YOUR REACTION TO INJURY—LEARN FROM WILD ANIMALS!

By Bradley J. Steiner, American Combato

One fact about real world self-defense is that it cannot be undertaken risk-free, and frankly it is certain that in a truly dangerous encounter with one or more determined aggressors you will surely be hurt. Many schools of martial art fill students’ heads with notions of invincibility and fail to equip them for the realities of anything goes personal combat. 

We prefer to get all our cards out on the table, as it were. Yes . . . we can and do teach the finest and most reliable methods of interpersonal mayhem (“self-defense” if you prefer) and if you become expert in our methods you will absolutely stand an excellent chance—better than 95 percent—of successfully stopping a violent attacker from injuring you badly, or from doing the same to someone you need to protect.

But some injury is inevitable. If an attacker comes at you with a knife, he has the advantage. Do everything right and you stand a good chance of surviving and dropping the attacker; but if you escape without so much as a minor cut or a stab wound somewhere on your body—requiring at least some out-patient care, and a dose of antibiotics—then you can chalk the outcome up to LUCK. Excellent as our training is, we make no claims for its being miraculous! 

The wise student of self-defense and close combat expects to get hurt. 

Illusions of being a superhero or “unstoppable warrior” must never be allowed to cloud a student’s mind. No matter how expert you are, no matter how strong you are, no matter what excellent level of agility and fitness you may enjoy . . . serious individual combat will certainly result in injury to yourself, should you ever be so unfortunate as to find yourself immersed in it.

So here is the big question: “Are you mentally conditioned for the reality of being hurt, when and if you undertake to defend yourself?” More: “Are you working at conditioning yourself so that your immediate reaction to being hurt in an encounter is one that actually enhances your chance of survival and victory?” 

There are two things that such conditioning requires: 

  • The acceptance of the fact—at gut level—that engaging in close combat is risky, regardless of what you know, how competent you are in your skills, and how long you have been training. Therefore, the idea that you will be hurt during an encounter, while not a welcome thought, is nonetheless an accepted idea. You are reconciled to it. You simply do not expect things to be any different, and you are undeterred by this knowledge in any dangerous predicament. With this settled and finalized in your psyche, you will be uninhibited about carrying out the most essential thing for your success, survival, and victory: i.e., Taking the war to the enemy and destroying him.
  • Being conditioned so that your immediate reaction and response to experiencing injury and its attendant pain is a KILLING RAGE. Like a lion or tiger or cape buffalo or other jungle creature whom Nature has programmed to become more dangerous when injured than it was prior to being hurt, your injury kicks you into a fanatical, aggressive, frenzy! 

You might not think so at first, but you can achieve this mindset.
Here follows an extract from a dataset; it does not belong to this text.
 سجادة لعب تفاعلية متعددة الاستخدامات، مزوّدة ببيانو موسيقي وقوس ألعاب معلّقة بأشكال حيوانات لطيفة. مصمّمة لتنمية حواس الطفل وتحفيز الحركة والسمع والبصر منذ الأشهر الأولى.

In fact, you already have—but not regarding human combat. Ever stub your toe, bang your shin on a piece of furniture or hit your hand accidentally with a hammer? If so, you more than likely became enraged. Pretty silly, but nevertheless true. Injured by insentient matter and you cursed, and even kicked, smashed, or broke something.
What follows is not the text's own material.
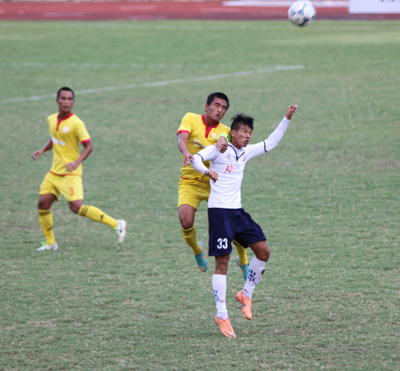 | Cầu thủ 2 đội trong một pha tranh bóng. |

Humans who hurt you have caused you mixed feelings. Possibly fear, confusion, wondering what to do; hesitating to do anything for fear of legal repercussions, and control of your rising desire to strike back, etc. This is what has got to GO. 

Your injury must become the instant tripwire that sets you into a killing frenzy reminiscent of that of a Great White! You can do this if you work on it and at it in training! A quality teacher who knows what he is about will help you greatly . . . But failing to have the good fortune of finding a qualified teacher, make up your mind to do this for yourself. 

While jungle beasts and other dangerous animals are programmed by Nature to be this way (for their survival) you will need to program yourself this way. And it is for your survival. Violent offenders are extremely dangerous. The shock, fear, or momentary disbelief that your being hurt can cause, will be the only opening your adversary needs to do whatever he wishes to you—and it will not be pleasant.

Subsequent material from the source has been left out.